This markdown takes on the task of classifying emails as spam or ham. Sample directories are available online that contain labeled spam and ham emails. After downloading locally, we can determine characteristics through word tokenization.
Bring in packages
library(tidytext)
library(textdata)
library(dplyr)
library(stringr)
library(tidyr)
library(wordcloud)
Get list of files from local directory
set.seed(5547)
spamfiles <- sample(dir("corpus/spam_2/"),100, replace = FALSE)
hamfiles <- sample(dir("corpus/easy_ham_2/"),100, replace = FALSE)

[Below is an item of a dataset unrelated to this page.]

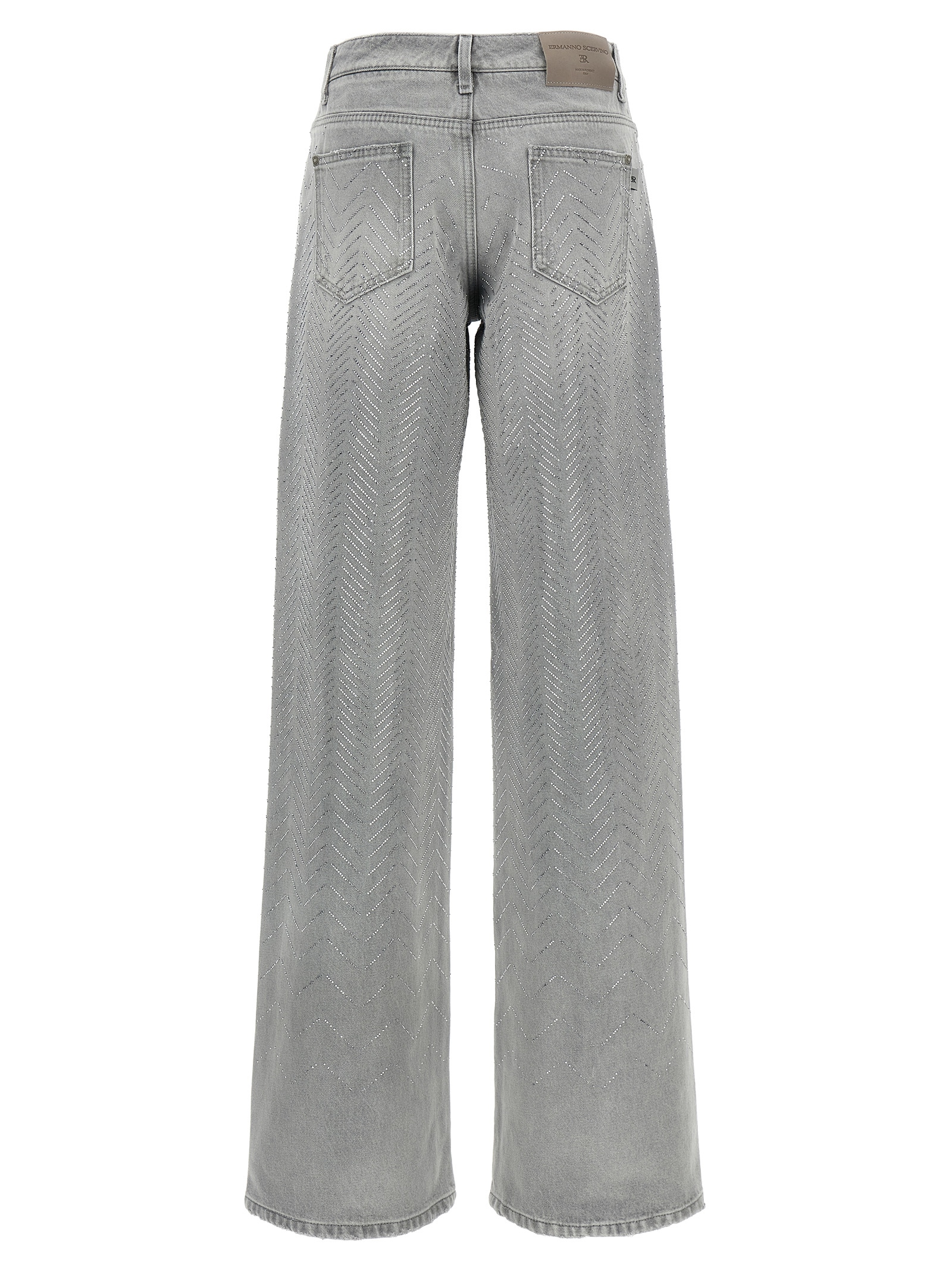 Used-effect garment-dyed cotton denim jeans with all-over rhinestone appliqué, five pockets, front zip and button closure, wide straight leg, back leather logo tag.

Read all of the spam files into one text (using the keyword “Subject” as a reliable divider between the header and body)
spamdir <- "corpus/spam_2/"
spamtraining <- NA
for (i in spamfiles) {
spam <- readLines(paste0(spamdir,i))
bodymarker <- str_which(spam,"Subject")
spam <- spam %>%
data.frame(email = i)%>%
rename(text = 1)%>%
slice(-(1:bodymarker))%>%
summarise(test = toString(text))%>%
str_remove_all("<..*>|[:punct:]|[:digit:]")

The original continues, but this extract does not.